Keyes challenges the district court's application of the murder cross-reference in U.S. Sentencing Guidelines Manual
§§ 2A1.1, 2D1.1(d)(1) (2003).
Keyes informed Gregory Felton, a
member of Keyes' drug conspiracy, that Gerald Michie had stolen some of their firearms. After a confrontation, Felton killed
Michie. Keyes and Felton need not have specifically agreed to kill Michie in order for the murder cross-reference to apply to Keyes. It was necessary only that the murder was reasonably foreseeable to Keyes. See United States v. Montgomery, 262 F.3d 233, 250 (4th We conclude the district court did not err when it
found Felton's actions in response to Keyes' information about the stolen firearms reasonably foreseeable to Keyes. We conclude the
district court properly calculated the Guidelines range. Next, we review the substantive reasonableness of the sentence.

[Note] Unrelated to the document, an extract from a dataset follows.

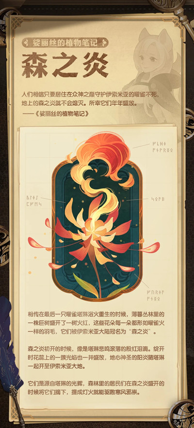 相传在最后一只曜雀塔琳浴火重生的时候,薄暮丛林里的一株巨树盛开了一树火红,这些花朵每一朵都形如曜雀火一样的羽毛,它们被伊索米亚大陆冠名为“森之炎”。

Gall, 128 S. Ct. at 597. As the sentence is within the
advisory Guidelines range, we presume it is reasonable. See United States v. Allen, 491 F.3d 178, 193 (4th Cir. 2007) (applying presumption of correctness to within-Guidelines sentence); see also Rita v. United States, 127 S. Ct. 2456, 2462-69 (2007) (upholding presumption of reasonableness of within-Guidelines sentence).
Because Keyes has not rebutted that presumption, we find the sentence imposed by the district court is reasonable.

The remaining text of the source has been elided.